Content starts

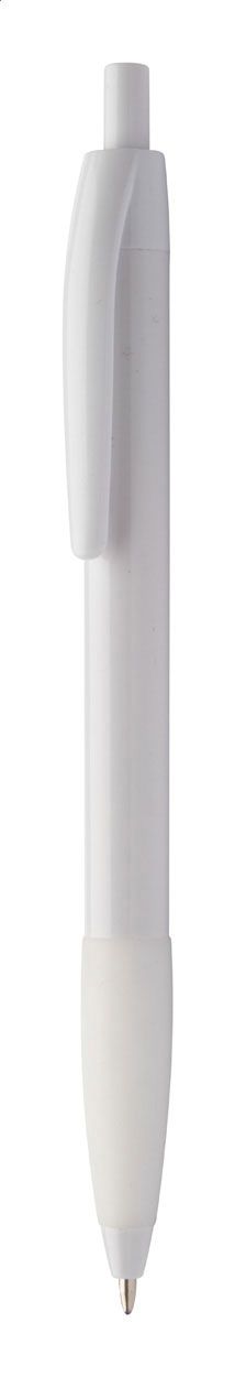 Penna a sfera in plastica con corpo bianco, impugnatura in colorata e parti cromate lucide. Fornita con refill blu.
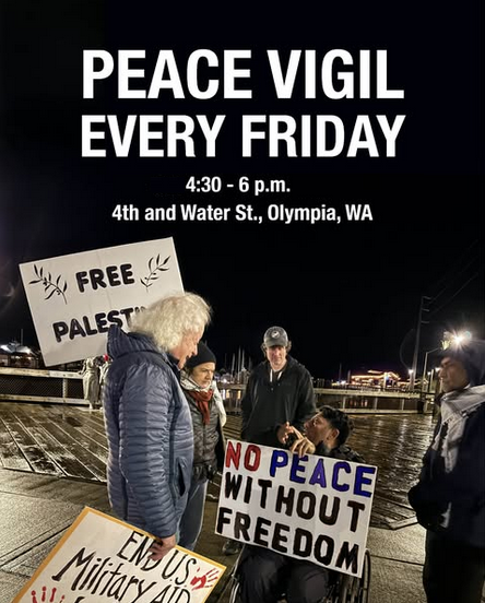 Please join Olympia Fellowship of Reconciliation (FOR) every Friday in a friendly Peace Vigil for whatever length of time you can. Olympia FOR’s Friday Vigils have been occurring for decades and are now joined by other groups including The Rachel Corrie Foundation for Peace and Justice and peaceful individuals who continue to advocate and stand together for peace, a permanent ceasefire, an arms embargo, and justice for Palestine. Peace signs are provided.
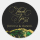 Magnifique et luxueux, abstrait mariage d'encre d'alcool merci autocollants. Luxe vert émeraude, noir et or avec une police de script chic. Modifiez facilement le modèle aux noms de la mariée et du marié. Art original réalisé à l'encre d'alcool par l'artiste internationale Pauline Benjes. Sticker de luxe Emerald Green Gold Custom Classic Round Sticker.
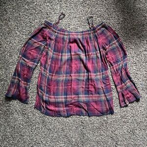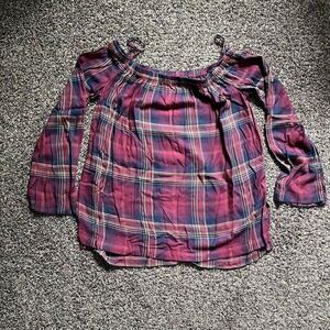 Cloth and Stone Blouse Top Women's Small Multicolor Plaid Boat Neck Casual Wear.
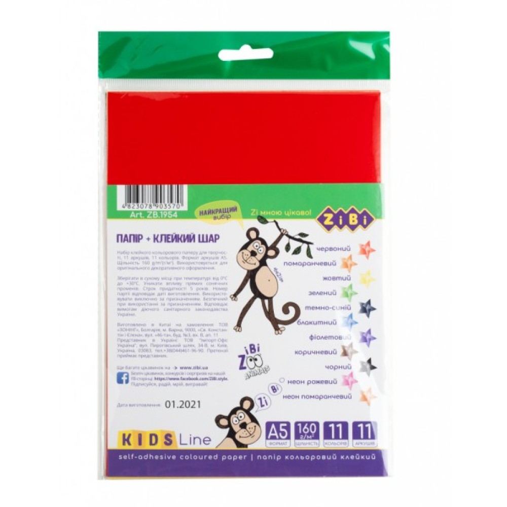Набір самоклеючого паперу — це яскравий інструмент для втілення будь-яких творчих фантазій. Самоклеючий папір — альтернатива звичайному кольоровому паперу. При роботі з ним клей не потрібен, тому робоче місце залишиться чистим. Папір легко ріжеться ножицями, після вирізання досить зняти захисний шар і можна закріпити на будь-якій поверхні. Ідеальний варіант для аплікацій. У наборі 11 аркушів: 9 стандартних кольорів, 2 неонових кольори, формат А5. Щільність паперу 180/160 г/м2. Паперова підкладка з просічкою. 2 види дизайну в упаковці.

Content ends

Nothing but the lines from the line containing "Magnifique et luxueux, abstrait" through the end of the data, both ends included, is to be reproduced, exactly as written and without the pictures.

### Solution:
 Magnifique et luxueux, abstrait mariage d'encre d'alcool merci autocollants. Luxe vert émeraude, noir et or avec une police de script chic. Modifiez facilement le modèle aux noms de la mariée et du marié. Art original réalisé à l'encre d'alcool par l'artiste internationale Pauline Benjes. Sticker de luxe Emerald Green Gold Custom Classic Round Sticker.
 Cloth and Stone Blouse Top Women's Small Multicolor Plaid Boat Neck Casual Wear.
Набір самоклеючого паперу — це яскравий інструмент для втілення будь-яких творчих фантазій. Самоклеючий папір — альтернатива звичайному кольоровому паперу. При роботі з ним клей не потрібен, тому робоче місце залишиться чистим. Папір легко ріжеться ножицями, після вирізання досить зняти захисний шар і можна закріпити на будь-якій поверхні. Ідеальний варіант для аплікацій. У наборі 11 аркушів: 9 стандартних кольорів, 2 неонових кольори, формат А5. Щільність паперу 180/160 г/м2. Паперова підкладка з просічкою. 2 види дизайну в упаковці.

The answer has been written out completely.